Kirchhoff’s Law of Heat Radiation | Kirchhoff’s Law | What is Kirchhoff’s Law :- According to Kirchhoff’s law at a given temperature, for all bodies, the ratio of their spectral emissive power to their spectral absorptive power remains constant, and this constant is equal to the spectral emissive power of an ideal black body at the same temperature.

$\displaystyle \Rightarrow \frac{{{e}_{\lambda }}}{{{a}_{\lambda }}}=constant$

If E_λ and A_λ are the emissive power and absorptive power for a perfect black body, then using Kirchhoff’s law,

$\displaystyle \frac{{{e}_{\lambda }}}{{{a}_{\lambda }}}=\frac{{{E}_{\lambda }}}{{{A}_{\lambda }}}$

Since for a perfect black body A_λ = 1, so

$\displaystyle \frac{{{e}_{\lambda }}}{{{a}_{\lambda }}}={{E}_{\lambda }}$

Proof

Let a small amount of heat radiation be incident per second per unit area on a body within a narrow wavelength range , i.e., between (λ – ½) and (λ + ½).

Using the law of conservation of energy,

Heat Incident = Heat Reflected + Heat Emitted

$\displaystyle dQ=(dQ-{{a}_{\lambda }}dQ)+{{e}_{\lambda }}d\lambda$

$\displaystyle \Rightarrow {{e}_{\lambda }}d\lambda ={{a}_{\lambda }}dQ$ …..(1)

For a perfectly black body,

$\displaystyle {{e}_{\lambda }}={{E}_{\lambda }}$ and $\displaystyle {{a}_{\lambda }}=1$

$\displaystyle \Rightarrow {{E}_{\lambda }}d\lambda =(1).dQ$

$\displaystyle \Rightarrow dQ={{E}_{\lambda }}d\lambda$

Using the value of dQ in equation (1),

$\displaystyle {{e}_{\lambda }}d\lambda ={{a}_{\lambda }}({{E}_{\lambda }}d\lambda )$

$\displaystyle \Rightarrow \frac{{{e}_{\lambda }}}{{{a}_{\lambda }}}={{E}_{\lambda }}$

Applications of Kirchhoff’s Law of Heat Radiation

According to Kirchhoff’s Law, as the ratio of emissive power to the absorptive power of a body is a constant quantity, it means a body having greater emissive power must have greater absorptive power also, i.e., good absorbers are good emitters and bad absorbers are bad emitters. Here are some important and practical applications of Kirchhoff’s Law of Heat Radiation :

(1). Black Body Radiation Studies

Kirchhoff’s law laid the foundation for understanding black body radiation, which further led to Planck’s law, Stefan–Boltzmann law, and the quantum theory of radiation.
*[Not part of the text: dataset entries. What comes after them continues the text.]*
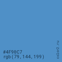 Цвет #4F90C7 в цветовой модели RGB обозначается тремя октетами (79, 144, 199) в десятичном формате и #4F90C7 в шестнадцатиричном (hex) формате, которые являются интенсивностью красного 79 (hex 4F), интенсивность зелёного 144 (hex 90) и интенсивность синего 199 (hex C7).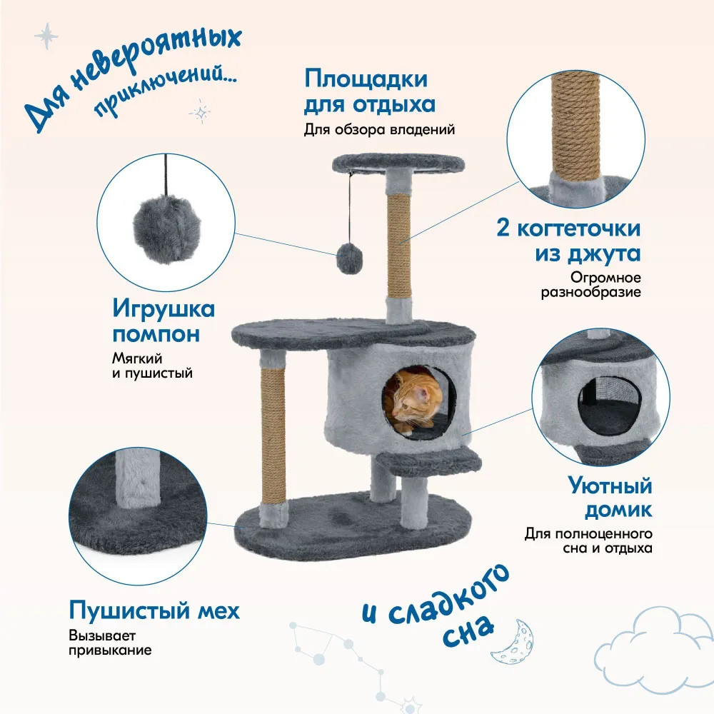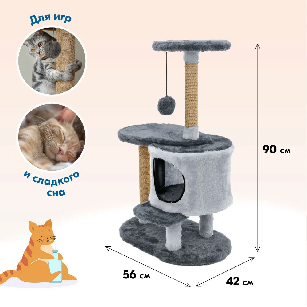 💳 Оплатить за товар можно при получении 🇰🇿 Есть бесплатная доставка по Казахстану от 1 дня 🎁 Копите бонусы с каждой покупки Идеальный игровой дом для ваших кошек, где они могут свободно прыгать лазать и заниматься спортом. Комплекс изготовлен из высококачественного ДСП, обитого мягким игрушечным мехом, чтобы держать ваших питомцев в тепле и уюте, столбики-когтеточки, обмотанные натуральной джутовой верёвкой, уберегут вашу мебель от острых когтей, есть уютное и удобное место для сна. Поставляется в разобранном виде в компактной упаковке с подробной пошаговой инструкцией. |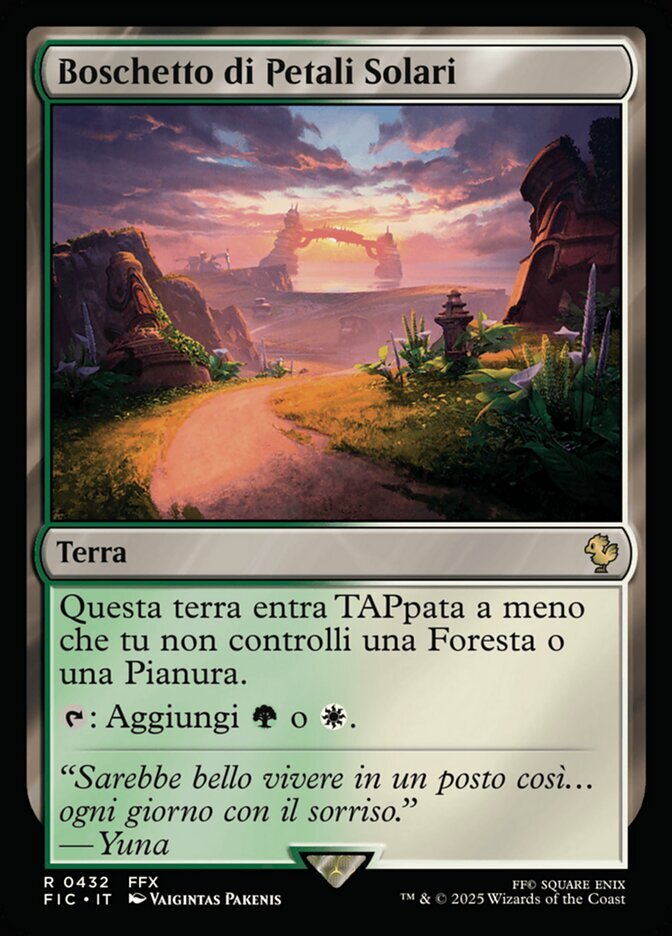 | Rules | Sunpetal Grove enters the battlefield tapped unless you control a Forest or a Plains. : Add or . |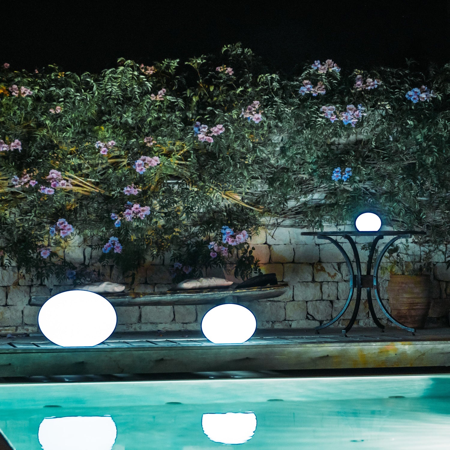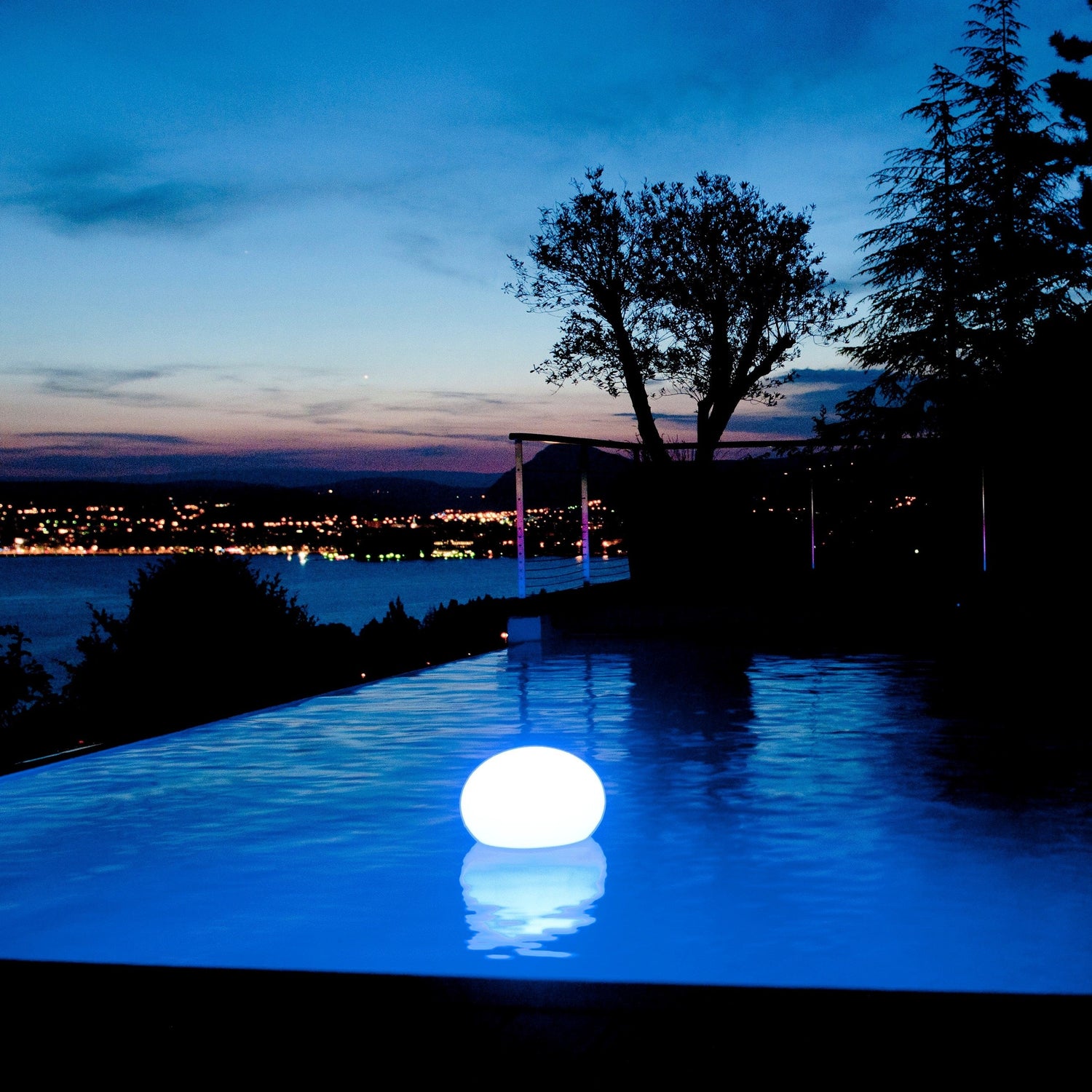 A flattened version of the classic design from Smart and Green, the Flatball Outdoor Bluetooth LED Lamp brings brilliant accented light to your favorite patio or poolside deck spaces. Crafted from polyethylene and wet rated for outdoor use, this ovalesque lamp is perfectly designed to fit all spaces and even float upon your pool's surface, providing a touch of elegant and modern style to your home. Outfitted with Bluetooth SmartMesh technology, the brightness and color of the lamp can be controlled from your smartphone or tablet. Station around your pool deck or cluster multiple together to create a unique lighting design and bring an illuminated touch to all of your light night outdoor activities and fun.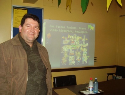 Na última quarta-feira de junho (30), o padre Adelar José Rosa (dir.) falou sobre as origens e significados das festas juninas, ante psicólogos da Sociedade Sigmund Freud, em sua maioria colegas da especialização em terapia psicanalítica.O estudioso começou explicando que não se trata de festas nascidas no Brasil, mas trazidas pelos portugueses, sendo de origem pagã e milenar. Os europeus comemoravam há muitos séculos o solstício de início do verão no hemisfério norte e a Igreja Católica cristianizou a data, centrando-a em São João Batista, o primo de Jesus, que teria nascido em 24 de junho. Ficou com o apelido de festa joanina, que derivou para "junina", como se fosse pelo mês de junho (veja na Wikipédia).

(2). Thermal Imaging and Infrared Devices

In thermal imaging and infrared sensing, objects with high emissivity emit more infrared radiation, making them easier to detect and visualize using thermal cameras and night vision devices.

(3). Design of Solar Absorbers and Heaters

Surfaces used in solar panels, solar cookers, and solar heaters are designed to be good absorbers and emitters, following Kirchhoff’s principle.

(4). Thermal Insulation and Coating

Surfaces meant to retain heat (like thermos flasks) are made of poor absorbers and poor emitters (e.g., shiny metallic surfaces) to reduce heat loss via radiation.

(5). Temperature Measurement (Pyrometry)

Optical pyrometers (A non-contact device that measures high temperatures by matching a filament’s brightness to that of a glowing object, ideal for molten metals, furnaces, and other extreme heat sources) measure temperature based on the emitted radiation from a hot body. The measurement relies on comparing the emitted radiation to that of a black body.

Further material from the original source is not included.